A woman in labor who was receiving fentaNYL and bupivacaine epidural analgesia developed significant hypotension. A nurse removed a pharmacy-prepared syringe labeled ePHEDrine (5 mg/mL) from an anesthesia cart and administered 2 mL. During administration, the patient complained of a burning sensation at the IV site and said she also had neck pain. A few seconds later, the patient's hands began to twitch, she developed respiratory distress, and she was unable to communicate with staff. A rapid-response team was summoned. An emergency C-section was planned, but the patient's symptoms subsided by the time she reached the surgical suite.

The rapid-response team initially thought the patient was experiencing an allergic reaction to ePHEDrine. However, further investigation revealed that there had been a pharmacy labeling error. A nurse became suspicious when she noticed that the medication labeled as ePHEDrine was in a smaller syringe than pharmacy routinely used for that drug. Lab analysis of the remaining contents of the syringe revealed that it contained the neuromuscular blocking agent succinylcholine, not ePHEDrine.

Due to the short half-life of succinylcholine and the relatively small dose the patient received (40 mg), the patient was partially paralyzed for only a few minutes after the nurse injected the medication, which corresponded to the symptoms the patient exhibited. Symptoms completely resolved in about 10 minutes after administration of the drug. The baby was delivered without incident, and mother and baby experienced no permanent harm.

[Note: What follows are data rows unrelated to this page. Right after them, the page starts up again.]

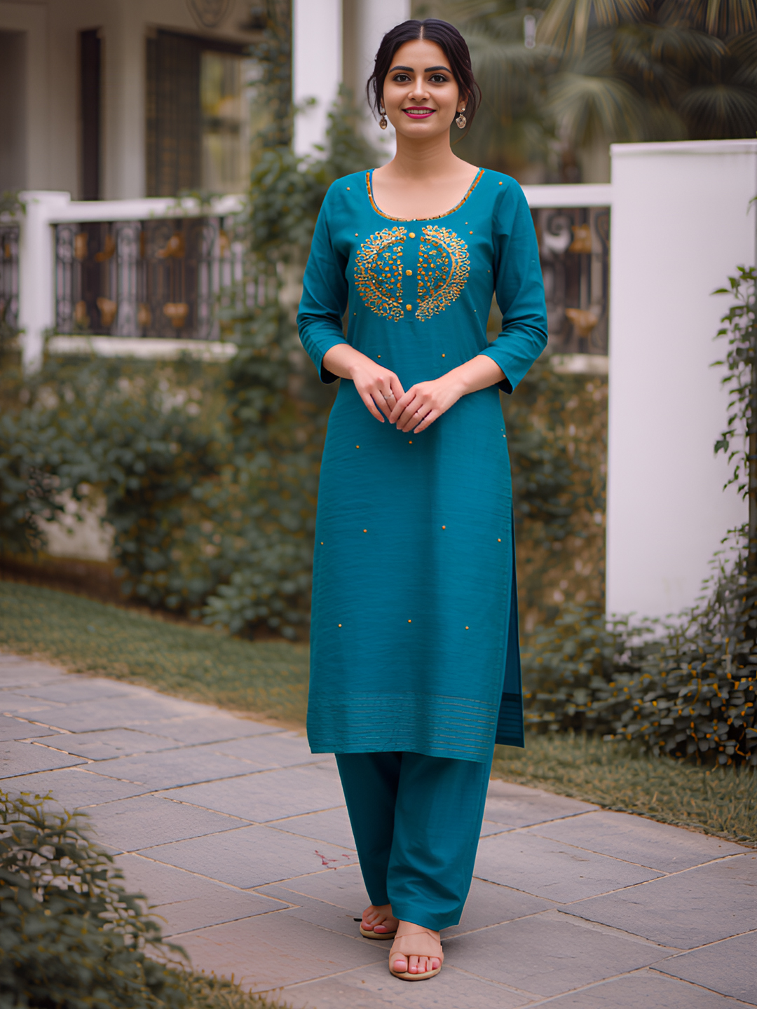 Experience the perfect balance of style and ease. The knee-length kurta with embroidered yoke and subtle golden motifs pairs beautifully with breathable fabric pants and a lightweight dupatta, creating a refined ethnic ensemble for any occasion.
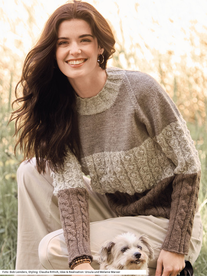 Ob mit zurückhaltenden Naturfarben oder in kräftigen Farbtönen, die breiten Musterstreifen dieses Raglanpullis begeistern mit verschiedenen Zopf- und Noppenmustern, die den rustikalen Charakter des robusten, aber dennoch angenehm weichen Garns aus reiner Schurwolle unterstreichen. Die breiten Rippen des Bunds gehen fließend über in ein Zopf-Rippenmuster in neuer Farbe, gefolgt von einem Zopf-Noppenmuster in wieder anderer Farbe und schließlich wird die Musterfolge mit glatt rechts in noch einer weiteren Farbe beendet. Betonte Abnahmen kennzeichnen die Raglanschrägungen. Eine Anleitung gibts für die Größen 38/40, 42/44 und 46/48.
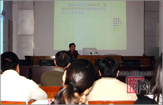 【德化网 讯】 为了使全院师生强化评估知识的掌握和理解,了解评估指标体系的深刻内涵,为学院评估工作的开展提供必要的理论和方法指导,学院特邀评估专家陈彦昀副教授于10月23日举办“在高职高专评估工作中,我们应该做什么”的评估知识专题讲座,从而拉开了学院“我为评估做贡献,我为陶院添光彩”系列宣传教育活动的序幕。
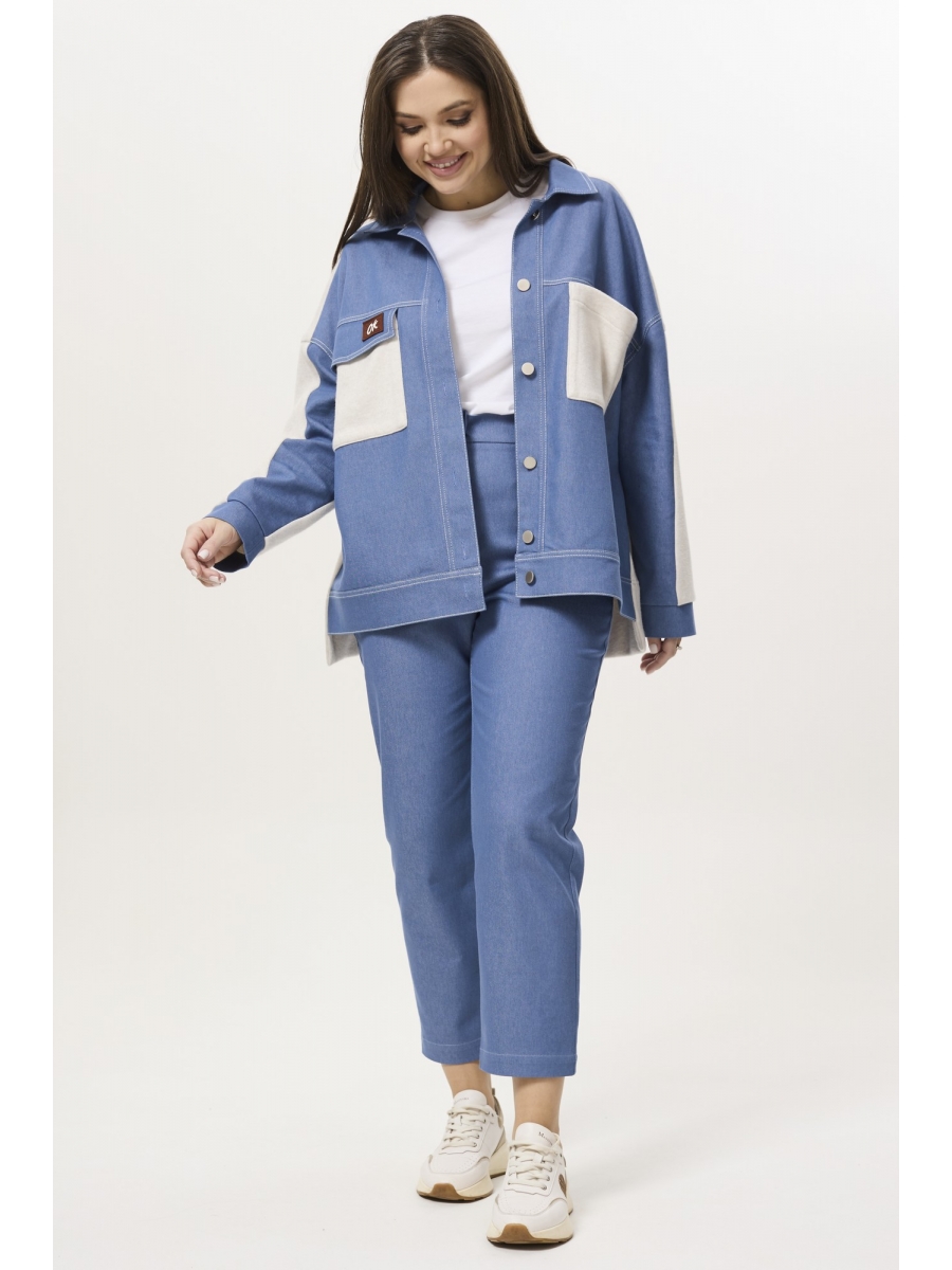 Полочка из джинсовой ткани, застежка на петли и пуговицы, выполнена на притачной планке. Воротник рубашечного типа. Полочка с кокеткой, ниже которой выполнены накладные карманы из трикотажной ткани. Снизу полочки идет притачная манжета. Рукав и цельная спинка из трикотажа крупной вязки. Рукав втачной, двухшовный, по низу рукава притачная манжета, линия плеча спущена. В жакете спинка немного длиннее полочки.

Concerns regarding stability had led the pharmacy staff to prepare three syringes each of succinylcholine (10 mL of 20 mg/mL) and ePHEDrine (10 mL of 5 mg/mL) every other day to stock in the labor and delivery anesthesia cart. The succinylcholine was drawn into a 10 mL syringe directly from the 10 mL vial. For ePHEDrine, normal saline was used to first dilute the 50 mg/mL, 1 mL ampul to a final concentration of 5 mg/mL. However, each 10 mL dose was prepared in a 20 mL syringe to help differentiate the two drugs.

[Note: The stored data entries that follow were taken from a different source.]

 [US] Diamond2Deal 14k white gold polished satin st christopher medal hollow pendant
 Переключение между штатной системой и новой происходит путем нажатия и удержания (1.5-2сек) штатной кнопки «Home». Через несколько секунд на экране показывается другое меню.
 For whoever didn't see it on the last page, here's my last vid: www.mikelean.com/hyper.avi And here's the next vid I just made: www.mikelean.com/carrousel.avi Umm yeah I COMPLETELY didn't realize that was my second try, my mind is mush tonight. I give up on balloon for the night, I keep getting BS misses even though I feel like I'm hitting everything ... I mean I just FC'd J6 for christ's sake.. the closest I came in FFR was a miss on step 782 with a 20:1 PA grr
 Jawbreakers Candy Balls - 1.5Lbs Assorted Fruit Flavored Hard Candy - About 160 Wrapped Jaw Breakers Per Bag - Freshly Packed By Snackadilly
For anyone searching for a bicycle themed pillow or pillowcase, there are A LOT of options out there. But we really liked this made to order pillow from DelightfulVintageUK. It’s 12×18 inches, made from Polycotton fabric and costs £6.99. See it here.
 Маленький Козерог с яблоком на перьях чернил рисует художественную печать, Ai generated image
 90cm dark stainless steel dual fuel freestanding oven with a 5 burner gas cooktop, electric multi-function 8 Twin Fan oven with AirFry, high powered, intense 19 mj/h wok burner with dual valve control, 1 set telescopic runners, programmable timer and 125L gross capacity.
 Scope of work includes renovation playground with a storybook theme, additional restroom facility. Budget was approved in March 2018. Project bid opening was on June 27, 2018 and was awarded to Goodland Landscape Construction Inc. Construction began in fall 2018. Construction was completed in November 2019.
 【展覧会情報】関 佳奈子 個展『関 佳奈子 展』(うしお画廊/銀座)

Both drugs were often prepared and checked around the same time so they could be delivered together to the labor and delivery unit. In this case, the technician had both drugs under the laminar-airflow hood at the same time. The technician prepared both drugs correctly and placed the filled syringes into a divided bin, with each drug placed in its own compartment. The pharmacy labels were also placed in the bin, including "Paralyzing Agent" labels for the succinylcholine. The bin was handed to the pharmacist to check the products. The hospital where this error occurred determined that either the technician placed the syringe labels in the incorrect compartments of the bin, or the labels were in the correct compartments but the pharmacist placed them on the wrong syringes. The error occurred on a busy weekend when a scheduled pharmacist had called in sick.

**This error occurred before the current shortage of 250 mL glass containers of 23.4% sodium chloride.